Ce tourbillon a commencé quand j'ai voulu faire un cadeau à la plus grande des fillettes. Avant même de me pencher sur la question de pourquoi je voulais lui faire un cadeau (c'est venu plus tard et n'est pas très glorieux), le problème du choix du cadeau. D'après les informations que j'avais, sa matière préférée est la lecture. Elle a 10 ans et habite avec sa famille au Mali. Parfait, dévoreuse de bouquin, je me voyais déjà lui envoyer un livre. Mais quel livre ? J'avais pensé à des contes, ou bien un atlas pour enfant, ce genre de chose. De recherche internet en recherche internet, je suis tombée sur une thèse portant sur la littérature enfantine au Mali. Parfait. Quelques heures de lecture plus tard, drame. Dans une culture d'oralité, la lecture est peu accessible (ok, je m'en doutais), mais également peu valorisée. Le genre "roman" est quasi inexistant (la thèse date d'une dizaine d'année, donc tout ceci a pu évoluer), les livres préférés sont les albums avec des illustrations et peu de texte. Les livres étant plein d'implicites, bien sur différents entre les pays (en France, l'âne têtu, le renard rusé, etc), les livres pour enfant occidentaux sont peu adaptés et compréhensible sans un adulte capable de décoder pour l'enfant, mais du fait du manque de littérature malienne pour enfant, il n'y a pas beaucoup d'alternative.
Donc envoyer un livre inadapté, bof bof. Et puis du coup, la mention "lecture" comme matière préféré m'a semblé louche (mais bon, je dois psychoter).
Bref j'ai l'impression que c'est insoluble, et que ce que l'on nous affirme comme bien pour l'enfant "une ouverture sur une autre culture", etc risque en fait de faire plus de mal que de bien. Déjà, les courriers feront une différence avec les autres enfants non parrainés. Je ne parle même pas des cadeaux. Mais si je n'en fais pas, pour limiter cette jalousie potentielle, cela fera du coup une différence avec des enfants nantis de parrains plus "généreux" que moi. Donc des deux côtés cela peut créer des difficultés supplémentaires pour cette enfant, ce qui est juste à l'opposé de l'objectif.

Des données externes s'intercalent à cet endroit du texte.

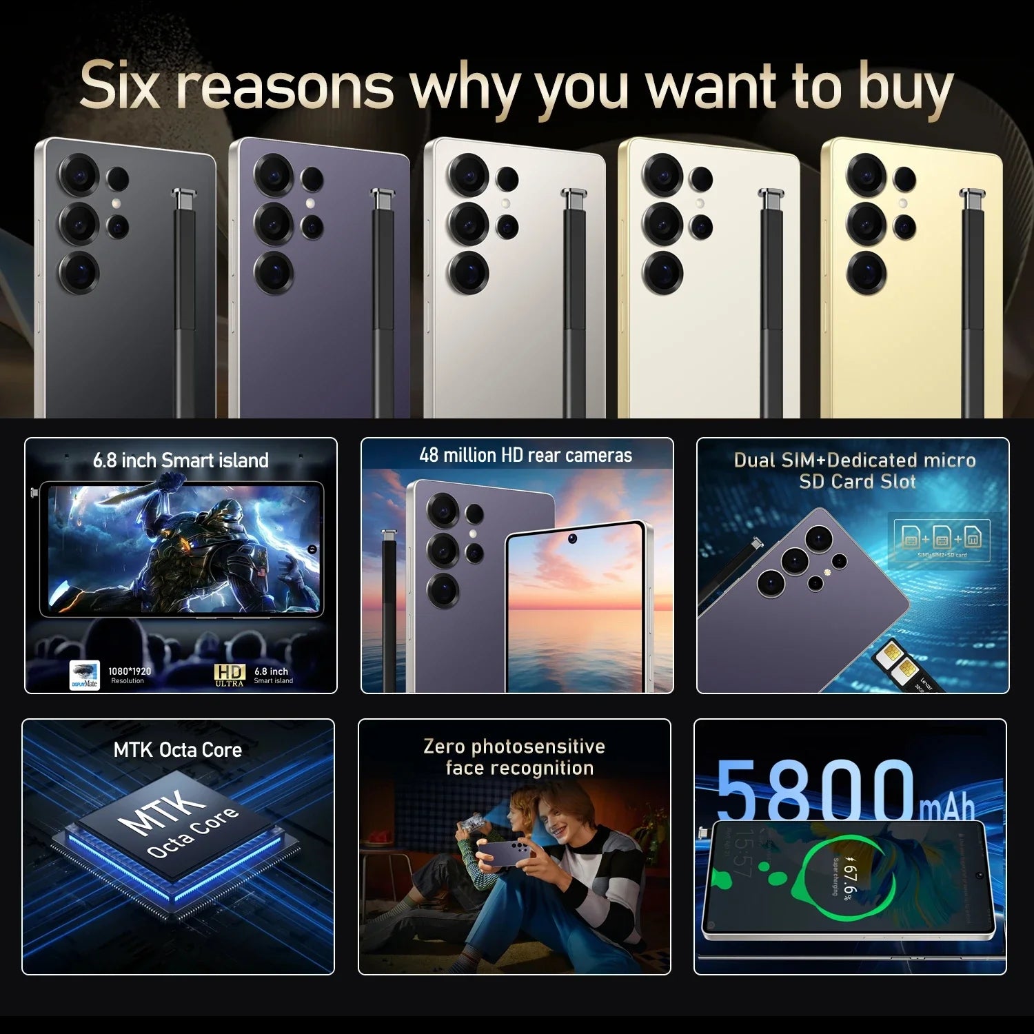 Global Vision S24 Ultra Smartphone 5G Android 5800mAH 8GB RAM 512G ROM 6.8Inch 1920x1080HD 24+48MP MTK10 4G Network Mobile Phone

Forcément, depuis, je creuse la question sur ces parrainages d'enfant (les différents types), ce qui m'a amené aux questions sur les ONG (les grosses, les moyennes, les petites), avec en particulier la lecture d'un mémoire d'un étudiant en sciences politiques sur les petites et moyennes ONG que j'ai trouvé très pertinent et très glaçant sur la (in)capacité des petites et moyennes ONG a réellement améliorer la situation de manière pérenne. Il ne s'est pas penché sur les grosses. Et puis cela m'a littéralement confronté à mon ignorance de la question et à l’extrême prétention que j'avais eu de penser pouvoir aider, même modestement. J'ai découvert des théories économistes et livres (micro-macro, Le fardeau de l'homme blanc : L'échec des politiques occidentales d'aide aux pays pauvres, de William Easterly, etc), l'effet "moustiquaire", l'effet secondaire de l'aide humanitaire fournie gratuitement à Haïti (avec du coup, la mise au chômage et le départ des médecin haïtiens face à des soins prodigués gratuitement par les ONG, la flambée des prix des constructions, inaccessibles aux non ONG, etc). L'impression qu'un voile se déchirait devant mes yeux.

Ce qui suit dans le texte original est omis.